職員室前の廊下から
社会科準備室を出て職員室へと向かう。抜き打ちテストの内容を考えながら階段を下り、角を曲がると、職員室前の廊下で一人、ぽつんと窓から外を眺めている生徒に気が付いた。俺が授業を受け持っている進藤美咲だ。
その視線の先を辿る。吸い込まれるように正門を通り抜け、下校していく生徒達。
進藤に近付き、どうしたんだ? と声を掛けた。
あれ、と彼女が指差す先には、男子生徒と女子生徒が手を繋いで正門へ歩いていく姿。進藤と同じ学年の、山崎和真と三谷晴香だ。二人とも成績が良く、教師達から目をかけられている生徒だった。
「……あの二人、付き合ってたのか」
頭に浮かんだことを何気なく呟いた。隣で進藤がそうだよ、と応じる。
「いいなぁ、と思って」
彼女の顔には淡い笑みが浮かんでいる。
「いいって?」
恋人がいることが? それとも、付き合っている相手が山崎だということが?
「はるちゃんも和君も、明るいし、優しいし、頭も良いし。理想のカップルだなぁと思って」
ふーん、と適当に相槌を打つ。
「お前ら、仲良かったか?」
「小学校から同じなんです。クラスが一緒になったことも何回もあるし」
進藤の瞳はキラキラと輝いている。水面に太陽の光が反射するように。
「あの二人、皆に好かれてるんです。嫌いっていう人は見たことない。そういう人同士が付き合ってるって、すごくいいなぁ」
俺は再び正門前に視線を移した。二人は親しげに何かを話しながら、柔らかい笑顔を浮かべ、ゆっくりと正門を通り過ぎていく。初夏の爽やかな風が木々を揺らした。
進藤と同じように、俺も中学生の時、窓から恋人達を見送ったことがあった。
部活で頼りになるカッコいい先輩と、一方的に恋焦がれていた優しくて可愛い先輩。
その時の俺は、嫉妬と、失望と、羨ましさと、切なさしか持ち合わせてはいなかったけれど。
だからなのか、彼女の顔に浮かぶ表情は俺にはとても眩しく見える。
「はるちゃんは和君と付き合えていいねって言われて。和君ははるちゃんと付き合えていいねって言われてるんです。私もああいう風に、皆にいいねって思われるようなカップルになりたいなぁ」
穏やかな充足感に満ち溢れた笑顔。

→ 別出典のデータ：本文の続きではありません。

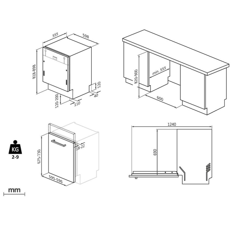 Vstavaná umývačka riadu Rapidò plne integrovaná 60 cm MAXI TUB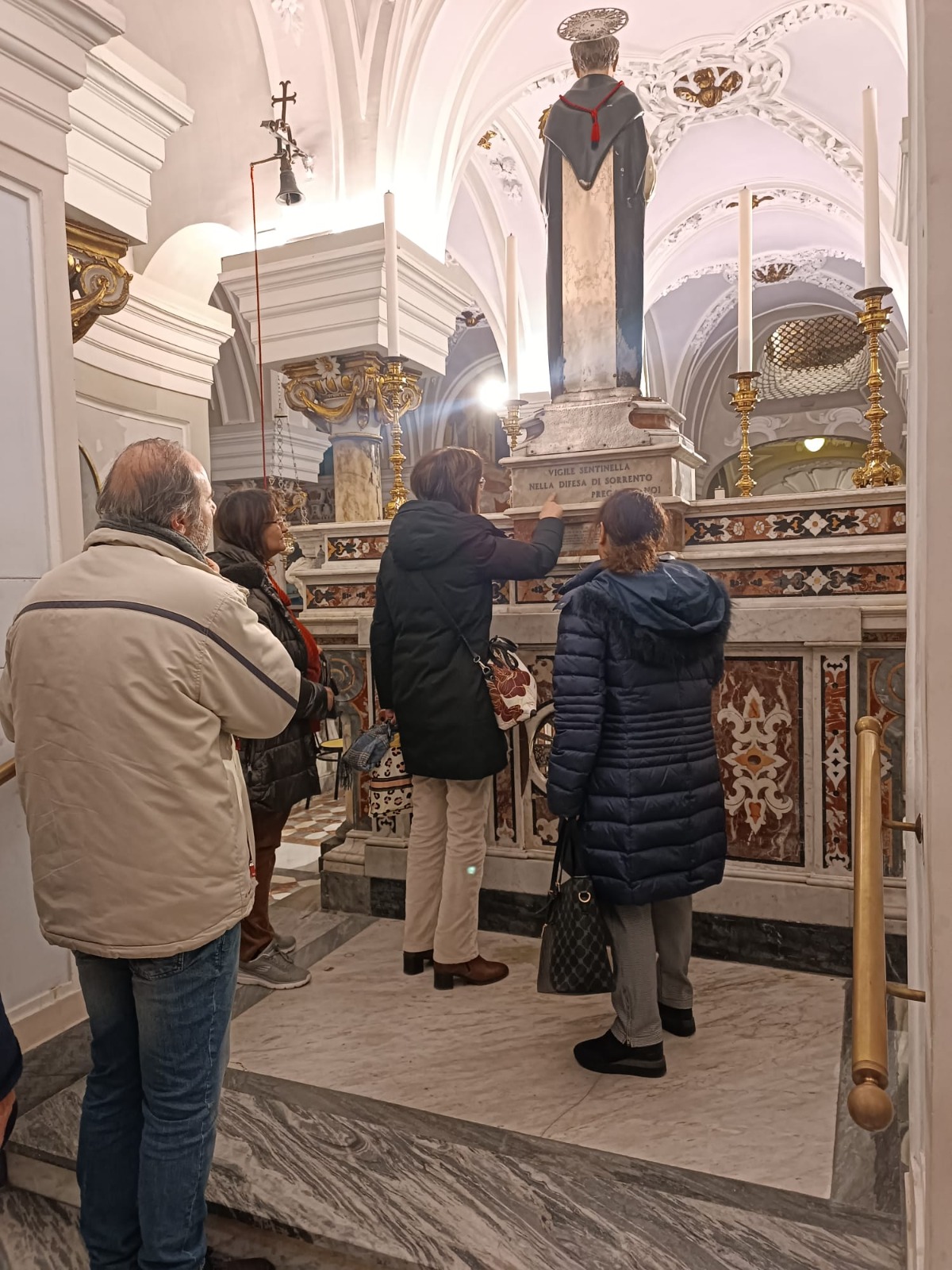 Secondo e ultimo momento dell’incontro è stata la visita guidata della Basilica, testimonianza artistica e culturale della fede e della devozione dei sorrentini, ma soprattutto segno della presenza paterna di Dio riservata a tutti noi, particolarmente da 1400 anni per intercessione di S. Antonino, il quale per non lasciare soli i suoi fratelli chiese di essere sepolto: “né dentro, né fuori la città”!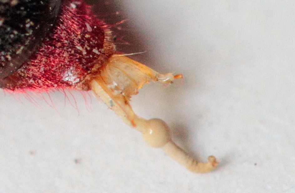 Un' ulteriore domanda ma entrambi sono in genitali maschili? Prima di scattare la seconda foto (quella dove sta con le zampe all'aria) dal "tubicino" in primo piano (chiedo scusa per il linguaggio non propriamente scientifico) ha espulso quelle che a me sono sembrate feci. L'altro organo ha alla sommità come due antennine. Allego altre foto.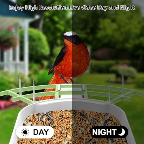 - Bird Arrival Notification. You'll receive instant notifications on your phone whenever the smart bird feeder detects bird activity. With a high-definition 2K camera, built-in microphone, and night vision lights, you can now enjoy observing birds while listening to their beautiful songs at any time of day or night with your family online.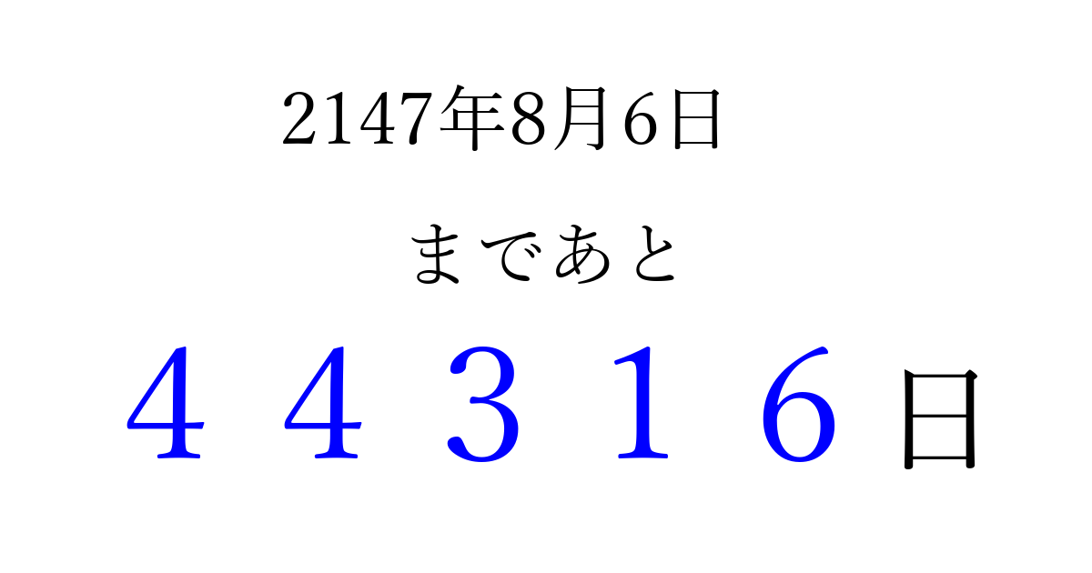 2147年8月6日(日)まで あと 99999 日です 追加すると、トップページからすぐ選べるようになります ※2026/04/06現在の結果です。 最新の状態に更新する ↓シェアして、タイムライン上にカウントダウンを表示しよう!↓ 📤 この結果を共有する Tweet シェア Threads Bluesky 別の日付でカウントダウン 2147年8月のカレンダー このページをブックマークに追加すると、いつでもカウントダウンを確認できます。 (PC: Ctrl+D / Mac: ⌘+D) hitome-notes.comでは以下のページも運営しています。 指定日と期間から日付を計算 | ガチャ確率計算・シミュレーション | プライバシー・ポリシー 運営者:Avocado

彼女の温かく爽やかな喜びと憧れは、俺の胸にも伝わって、心の底が仄かに熱を帯びる。
「誰か好きなヤツいるのか?」
いないよー、とクスクス笑いながら、それでも目が離せないのか、進藤は二人の後姿を見つめたまま。
「そんな人がいたら、わざわざこんなところで、はるちゃんと和君見てないですよ」
それもそうか、と独り言のようにこぼす。俺達の脇を礼をしながら通り過ぎていく生徒に、片手を上げて答えた。
「お前なら、良い人見つかると思うけどなぁ」
「えー? ホントですかー?」
「ホントホント」
優しく温もりのある気持ちで友人達をそっと見つめている進藤。そんな彼女が誰にも好かれないなんてことはあるはずがない。

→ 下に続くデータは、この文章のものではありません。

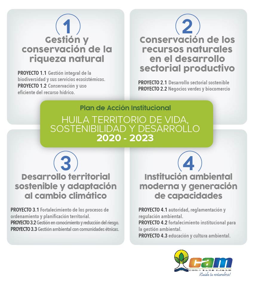 El Plan de Acción de la CAM está articulado no solo con los objetivos de desarrollo sostenible, sino también con las metas de desarrollo del milenio, con el Plan de Desarrollo Nacional ‘“Pacto Por Colombia, Pacto por la Equidad”, el Plan de Desarrollo Departamental ‘Huila Crece’, con el Plan de Gestión Ambiental Regional -PGAR y con la Visión ‘Huila 2050’, para enfrentar y adaptarnos al cambio climático.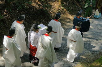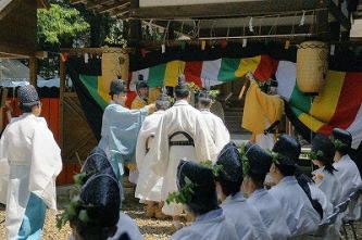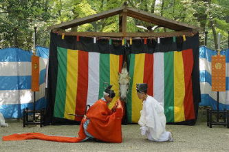 ![]() 舞楽の奉納、賀茂波璽神社 |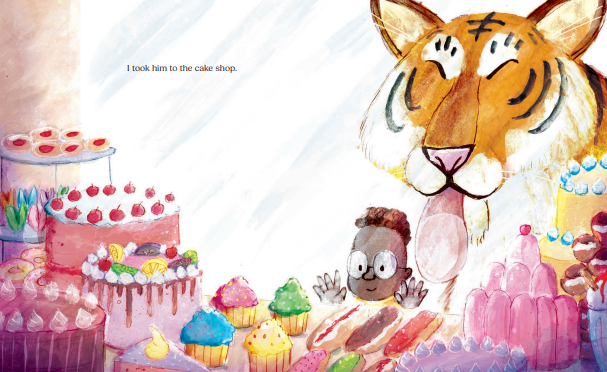 My tiger loved cake, and I went with him to the cake shop. Then he got

「お前の良いところを見てくれている人は、必ずいるよ」
そう言って、頭を軽くポンポンと撫でてやると、進藤は照れ臭そうにはにかんだ。
「職員室に何か用事だったか?」
「あ、いえ。学級日誌を返しに来ただけです」
「そうか。じゃあ、気をつけて帰れよ」
はーい、と朗らかに返事をして、先生さようなら、と彼女はにっこり笑った。
さようなら、と同じように笑顔で返し、俺の後ろへと遠ざかっていく姿をしばらく眺めた。
踵を返し、職員室へ入ろうとして、視界の端に人影が映る。進藤と同じクラスの横山誠也だった。彼女の陰に隠れて見えなかったらしい。
横山は職員室の先にある曲がり角から半分だけ体を出して、進藤の後姿を目で追いかけている。俺と目が合うと、顔を赤く染めてバツが悪そうに振り返り、曲がり角に隠れてしまった。パタパタと走り去る足音が聞こえる。
俺はその様子をぽかんと眺め、ほら、やっぱりいるじゃないか、と口元を綻ばせた。
「放課後の学校」というシチュエーションで作品を作るという企画で創作いたしました。